Extracted records:
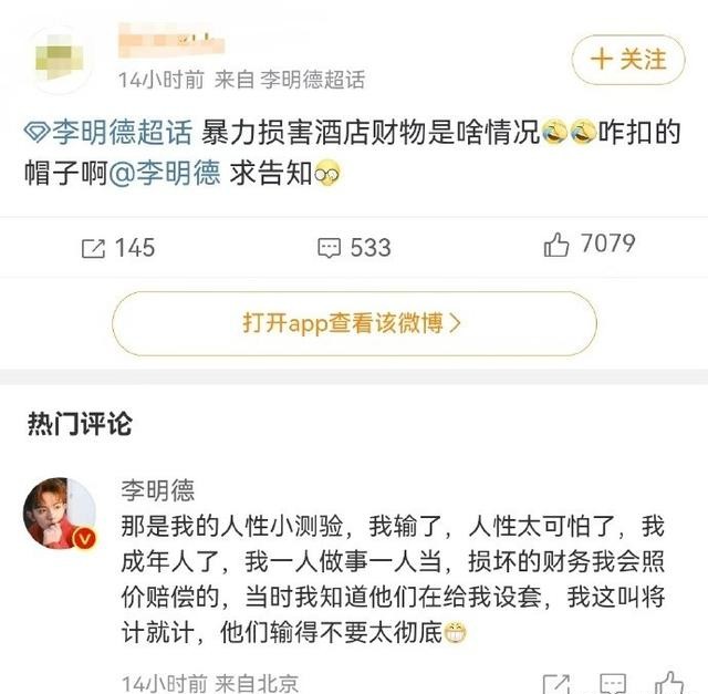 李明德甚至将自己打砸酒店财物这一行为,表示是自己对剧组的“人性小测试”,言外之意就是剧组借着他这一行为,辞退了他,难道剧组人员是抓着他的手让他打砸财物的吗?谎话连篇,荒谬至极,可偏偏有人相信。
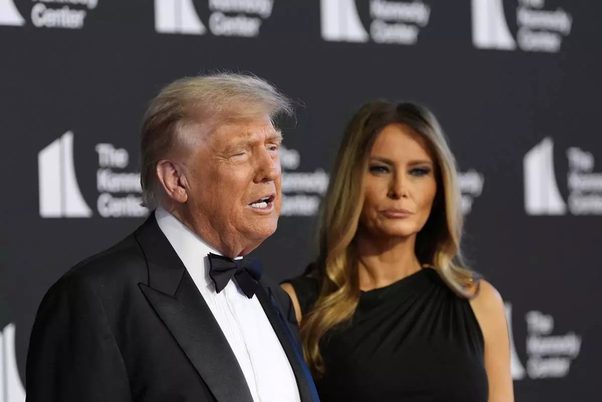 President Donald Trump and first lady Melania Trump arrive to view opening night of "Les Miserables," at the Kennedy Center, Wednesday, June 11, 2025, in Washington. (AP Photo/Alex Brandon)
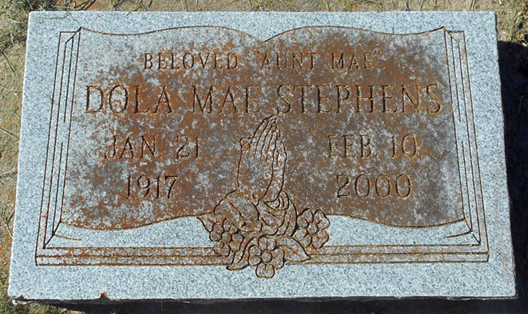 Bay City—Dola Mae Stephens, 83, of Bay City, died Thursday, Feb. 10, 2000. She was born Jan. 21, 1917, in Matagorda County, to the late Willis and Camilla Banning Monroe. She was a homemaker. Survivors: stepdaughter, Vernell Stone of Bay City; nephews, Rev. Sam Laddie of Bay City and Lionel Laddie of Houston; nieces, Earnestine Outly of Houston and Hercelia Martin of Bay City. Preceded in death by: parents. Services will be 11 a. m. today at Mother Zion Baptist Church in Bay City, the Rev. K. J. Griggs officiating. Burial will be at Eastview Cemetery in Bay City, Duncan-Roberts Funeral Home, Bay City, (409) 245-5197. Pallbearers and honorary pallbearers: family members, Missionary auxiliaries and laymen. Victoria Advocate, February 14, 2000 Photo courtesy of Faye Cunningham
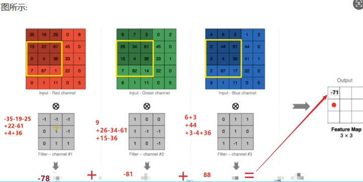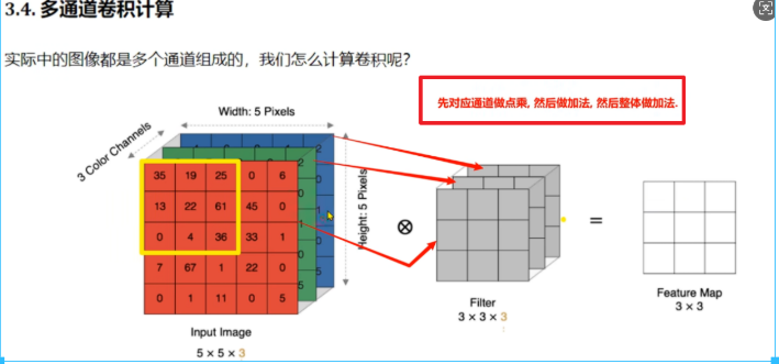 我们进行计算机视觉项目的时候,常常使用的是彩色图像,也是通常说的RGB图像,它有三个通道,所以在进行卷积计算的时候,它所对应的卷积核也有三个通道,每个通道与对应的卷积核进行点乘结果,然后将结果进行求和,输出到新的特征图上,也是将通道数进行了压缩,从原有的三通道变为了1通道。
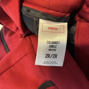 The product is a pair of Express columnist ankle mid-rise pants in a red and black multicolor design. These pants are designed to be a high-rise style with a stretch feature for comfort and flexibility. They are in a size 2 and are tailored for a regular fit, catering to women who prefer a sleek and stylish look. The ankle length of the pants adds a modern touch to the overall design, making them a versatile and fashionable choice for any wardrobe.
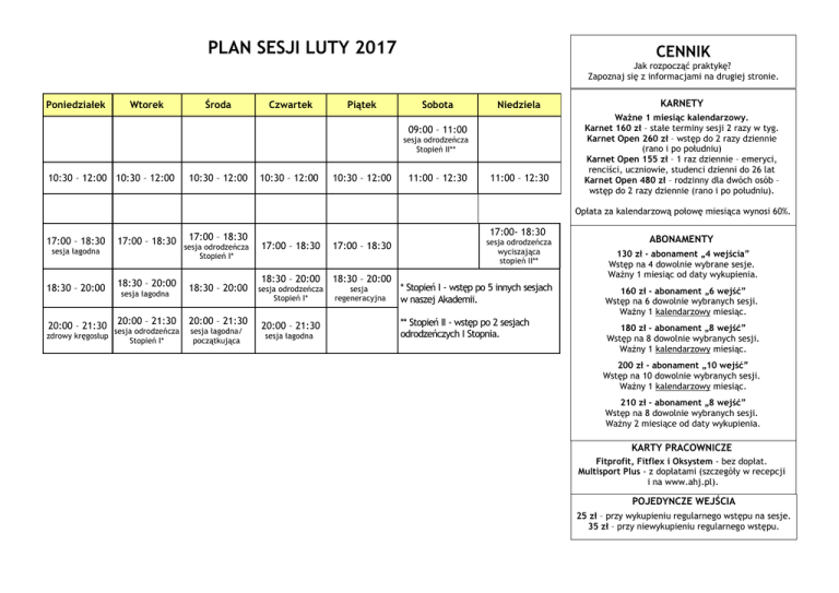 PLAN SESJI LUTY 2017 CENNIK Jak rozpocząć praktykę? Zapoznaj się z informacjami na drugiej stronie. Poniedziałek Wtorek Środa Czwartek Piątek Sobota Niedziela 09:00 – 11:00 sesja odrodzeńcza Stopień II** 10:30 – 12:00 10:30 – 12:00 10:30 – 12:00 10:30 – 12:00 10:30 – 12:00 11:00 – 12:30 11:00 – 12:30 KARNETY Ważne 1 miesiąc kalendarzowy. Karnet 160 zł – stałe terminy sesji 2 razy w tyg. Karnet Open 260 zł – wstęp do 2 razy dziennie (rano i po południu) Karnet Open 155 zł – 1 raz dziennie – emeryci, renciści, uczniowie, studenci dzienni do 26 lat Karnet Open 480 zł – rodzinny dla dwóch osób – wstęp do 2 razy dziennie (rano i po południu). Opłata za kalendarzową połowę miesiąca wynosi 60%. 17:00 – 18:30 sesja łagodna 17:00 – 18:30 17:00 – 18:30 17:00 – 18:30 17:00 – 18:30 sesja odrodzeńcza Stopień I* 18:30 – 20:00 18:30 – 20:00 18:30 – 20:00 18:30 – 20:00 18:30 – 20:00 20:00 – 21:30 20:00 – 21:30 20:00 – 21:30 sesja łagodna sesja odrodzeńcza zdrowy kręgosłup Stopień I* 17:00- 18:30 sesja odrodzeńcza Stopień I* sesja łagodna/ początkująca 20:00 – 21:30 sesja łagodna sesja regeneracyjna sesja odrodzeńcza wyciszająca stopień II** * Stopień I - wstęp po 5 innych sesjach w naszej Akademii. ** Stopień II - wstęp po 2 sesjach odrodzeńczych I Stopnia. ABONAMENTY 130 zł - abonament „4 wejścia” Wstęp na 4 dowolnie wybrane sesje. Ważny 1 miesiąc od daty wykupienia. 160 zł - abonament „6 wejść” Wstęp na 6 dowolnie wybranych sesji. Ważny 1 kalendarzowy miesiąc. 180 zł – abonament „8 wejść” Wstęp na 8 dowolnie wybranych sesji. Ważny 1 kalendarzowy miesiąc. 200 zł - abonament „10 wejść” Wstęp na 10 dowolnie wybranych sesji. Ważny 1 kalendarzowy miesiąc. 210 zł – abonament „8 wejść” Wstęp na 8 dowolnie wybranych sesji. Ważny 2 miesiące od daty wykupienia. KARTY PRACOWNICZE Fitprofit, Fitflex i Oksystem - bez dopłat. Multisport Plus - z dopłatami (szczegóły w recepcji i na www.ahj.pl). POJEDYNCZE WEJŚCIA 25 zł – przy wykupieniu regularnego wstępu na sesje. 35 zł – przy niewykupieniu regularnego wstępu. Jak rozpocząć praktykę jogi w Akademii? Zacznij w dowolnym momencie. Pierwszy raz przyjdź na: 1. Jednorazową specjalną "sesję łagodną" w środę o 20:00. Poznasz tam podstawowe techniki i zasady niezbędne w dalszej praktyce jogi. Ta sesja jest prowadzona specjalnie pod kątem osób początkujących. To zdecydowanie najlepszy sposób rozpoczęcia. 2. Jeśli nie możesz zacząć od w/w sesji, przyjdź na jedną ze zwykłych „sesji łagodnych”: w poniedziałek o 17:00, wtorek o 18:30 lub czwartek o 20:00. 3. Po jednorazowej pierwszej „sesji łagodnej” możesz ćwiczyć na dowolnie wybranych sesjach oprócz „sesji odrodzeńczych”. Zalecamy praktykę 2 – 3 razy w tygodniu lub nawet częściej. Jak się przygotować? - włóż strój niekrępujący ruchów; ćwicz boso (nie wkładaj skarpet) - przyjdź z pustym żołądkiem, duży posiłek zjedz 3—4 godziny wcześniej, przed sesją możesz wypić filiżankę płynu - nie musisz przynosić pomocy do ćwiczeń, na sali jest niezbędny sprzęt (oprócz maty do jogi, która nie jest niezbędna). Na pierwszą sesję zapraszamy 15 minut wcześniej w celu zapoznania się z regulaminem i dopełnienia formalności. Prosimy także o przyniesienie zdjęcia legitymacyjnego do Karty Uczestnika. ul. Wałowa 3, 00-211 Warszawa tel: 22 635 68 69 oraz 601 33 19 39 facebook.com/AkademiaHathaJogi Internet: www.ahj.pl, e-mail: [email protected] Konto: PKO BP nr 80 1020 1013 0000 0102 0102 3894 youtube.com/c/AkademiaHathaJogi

▸ **What you should do**
The lines from the top of the data above through the one holding "President Donald Trump" are to be repeated exactly, and only those, with no pictures.

▸ **The answer**
 李明德甚至将自己打砸酒店财物这一行为,表示是自己对剧组的“人性小测试”,言外之意就是剧组借着他这一行为,辞退了他,难道剧组人员是抓着他的手让他打砸财物的吗?谎话连篇,荒谬至极,可偏偏有人相信。
 President Donald Trump and first lady Melania Trump arrive to view opening night of "Les Miserables," at the Kennedy Center, Wednesday, June 11, 2025, in Washington. (AP Photo/Alex Brandon)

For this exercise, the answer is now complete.